Esos testimonios en la pedanía se entretejen con imágenes históricas, rescatadas de archivo, del Marqués de Comillas —el barco en el que regresó aquel vecino al puerto de Santander— y otras, inéditas, de la revolución y del propio Castro arengando a los cubanos en el principio de lo que fue el fin del éxito de Cabezón en la isla, su nueva huida para emprender un nuevo exilio a otro lugar en el que reedificar la vida.

A Luis Enrique y Alberto no se les ve en esos veinte minutos. Pero sus historias vitales respiran detrás de las imágenes. Los paralelismos de sus viajes inversos discurren también por los fotogramas en los que los sobrinos de Nicolás despliegan sus recuerdos y en los que Castro se alza sobre la multitud, celebrando el triunfo de la revolución y la nueva era.

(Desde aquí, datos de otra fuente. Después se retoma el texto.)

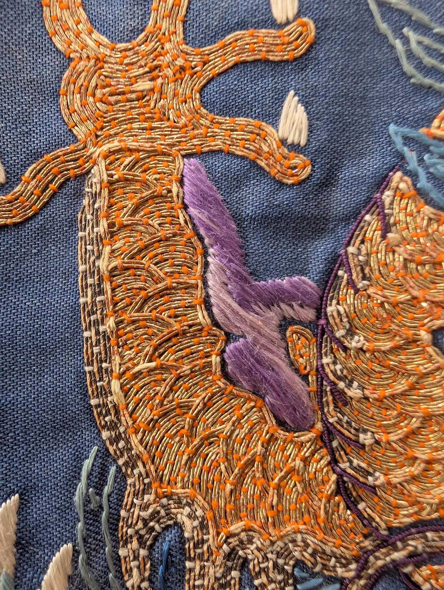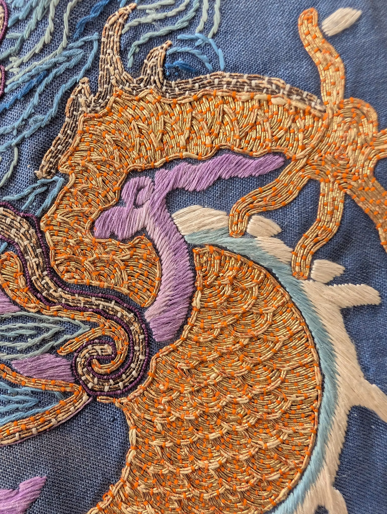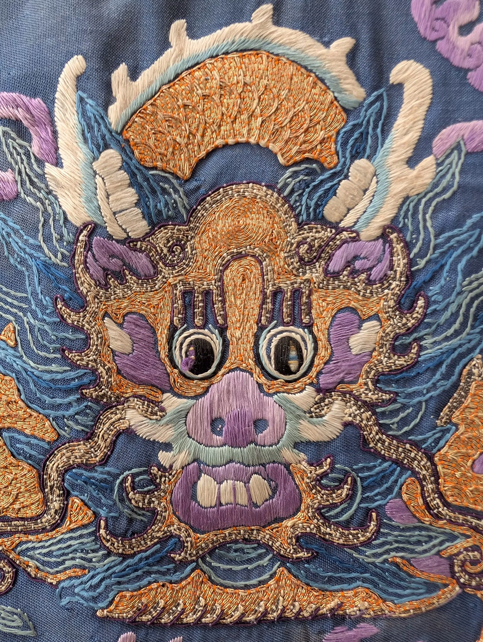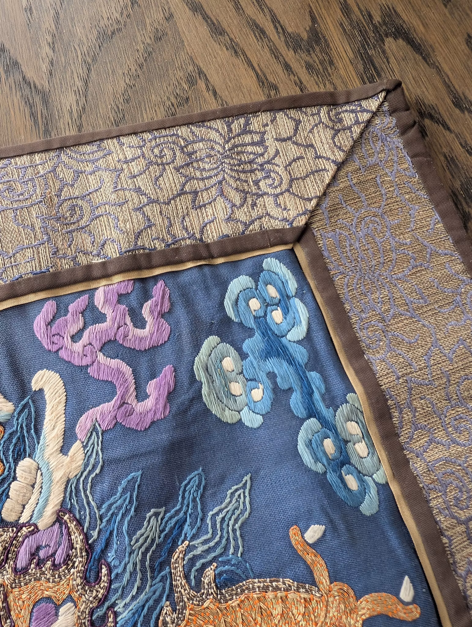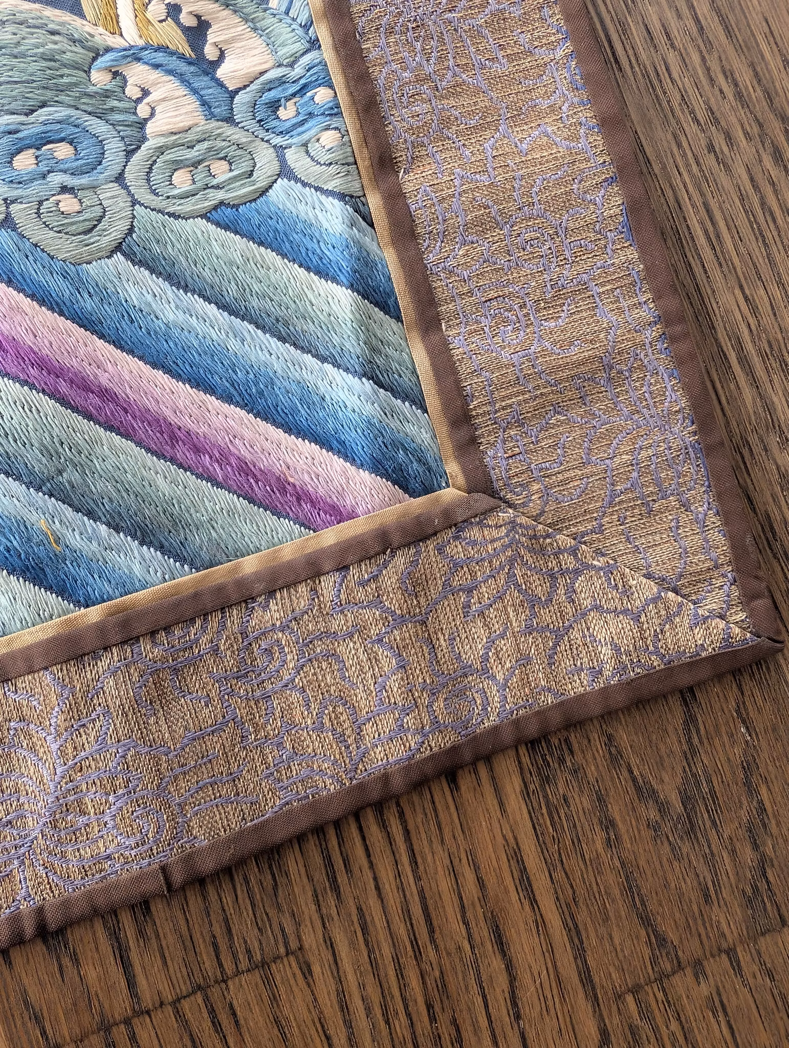 Textile fragment from an antique Chinese Qing Dynasty Jifu / Dragon Robe. The textile was cut from the shoulder of the robe.

Un documento sobre la memoria

“Es un documento sobre la memoria, una historia de emigración, de esfuerzo, de persecución, un viaje de ida y vuelta entre Castilla y La Habana, de sacrificio, de cómo construir un imperio de la nada; y me sentí identificado en muchas cosas”, reconoce Valdés, “porque sufrí lo mismo que Nicolás, hui de lo mismo que él y caí en Urueña, junto a su pueblo, en el que fui acogido como él fue acogido en mi país cuando era pobre”.

“A mí me emociona descubrir lo que la gente vivió, sufrió o glorificó, pero si tiene que ver conmigo, con lo que yo he vivido, me emociona doblemente. La tienda estaba en una calle querida, en un barrio querido, y ahora descubro que el dueño salió de aquí, de esta otra tierra que también se ha vuelto querida”, responde, cuando se le pregunta el porqué.

Y resultó que no era feíto. Que el nombre de la ferretería no llevaba tilde. Que era “feito”, hecho, y fueron los cubanos los que lo transmutaron, con esa tilde cantarina que lo convertía en algo mucho más divertido. 

Pronto, “Cabezones” seguirá el destino de Nicolás. El documental, que ya tiene una oferta de distribución de la Junta de Castilla y León, marchará también a “hacer las Américas”, apuntando a varios festivales estadounidenses.

Pero sólo el futuro sabe hasta dónde navegará Pobladura.